"Uğur, Bora! Kalkın len artık!"
Uğur, Müge'nin kapının diğer tarafından gelen sesiyle yüzünü ekşitti. Üzerinden kalkan ağırlığı hissedince gözlerini araladı. Uykulu duran Bora yatakta oturur pozisyona geçmiş, gözlerini ovuşturuyordu. Ayrıca fark etmeden büzdüğü dudaklarıyla fazla tatlı gözüküyordu.
İstemsizce dua dökülürken dudaklarından, yüzünde mutluluk dolu bir gülümseme vardı. Yalvarırım rabbim, her sabah bu şekilde uyanmayı nasip et.
Uğur yatakta doğruldu ve Bora'nın saçlarına arasına ufak bir öpücük kondurdu. "Günaydın, yavrum."
Bora suratını asarken, "Uyandırılmasaydım gün benim için daha aymayacaktı ama neyse..." diye homurdandı.
Bu Uğur'u güldürürken bu sefer kapıdan Baran'ın sesi geldi. "Uyanın, amına koyayım ya! Kahvaltı hazır, kalkın da zıkkımlanın."
Uğur'un kaşları çatılırken, "Sen kimin amına koyuyorsun lan?" diye geri bağırdı.
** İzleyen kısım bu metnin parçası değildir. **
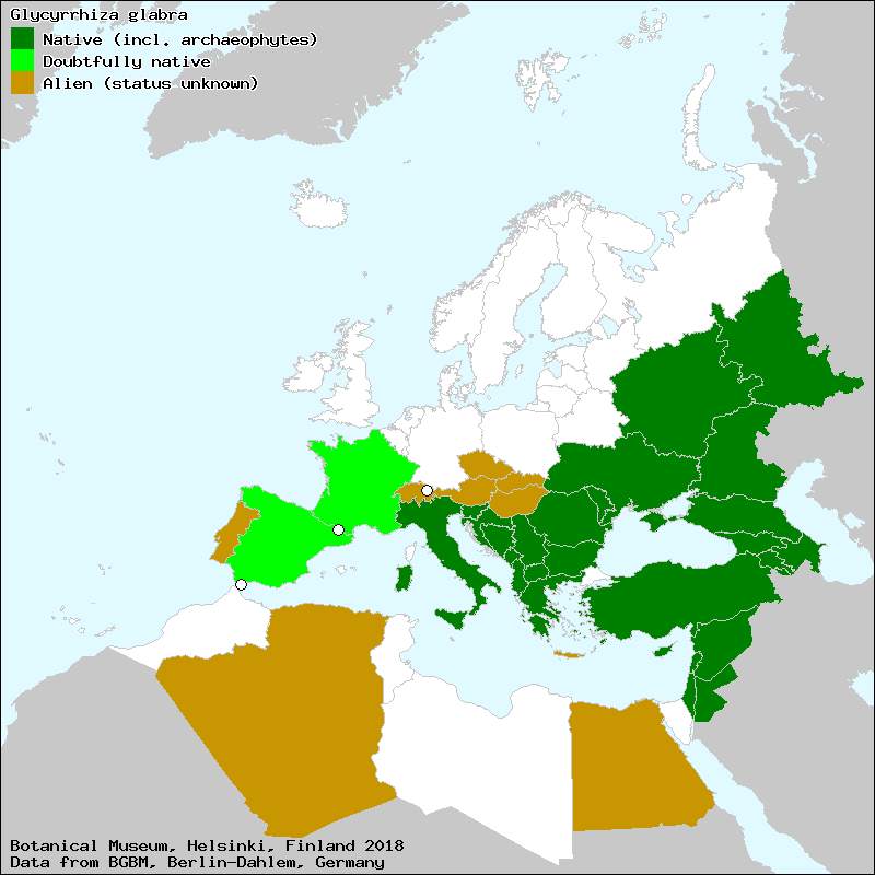 Comments: Cultivated as a source of liquorice, Kurgan Province: Glyadenskoe village - K.Fedotova, 1980, Sometimes G. glandulifera & G. hirsuta are regarded as good separate species

"Senin!" diye bağıran Baran'la geri Bora'ya döndü. Bir an için Bora'ya söyledi sanmıştı.
"Ben yüzümü yıkayacağım." Bora yataktan kalktı ve ağır adımlarla kapıya ilerleyip, açtı. Uğur'da onu takip ederken Bora tuvalete, Uğur salona yöneldi.
Uğur yer sofrasına kurulan sofraya bir bakış atarken, "Niye götünüzü yırtıyorsunuz sabahtan beri?" diye sordu. "Uyutmadınız iki dakika ha."
"Öğlen oldu, öğlen," dedi Müge, çayları doldururken. "Bora geç yattı diye bu kadar uyudu, ya sen geri zekalı? Saat dört oldu ve sen daha götünü yeni yataktan çıkardın. Dün çok mu yoruldun?"
Uğur esnerken istemsizce gülümsedi. "Yorulmuştum, dün gece geçti."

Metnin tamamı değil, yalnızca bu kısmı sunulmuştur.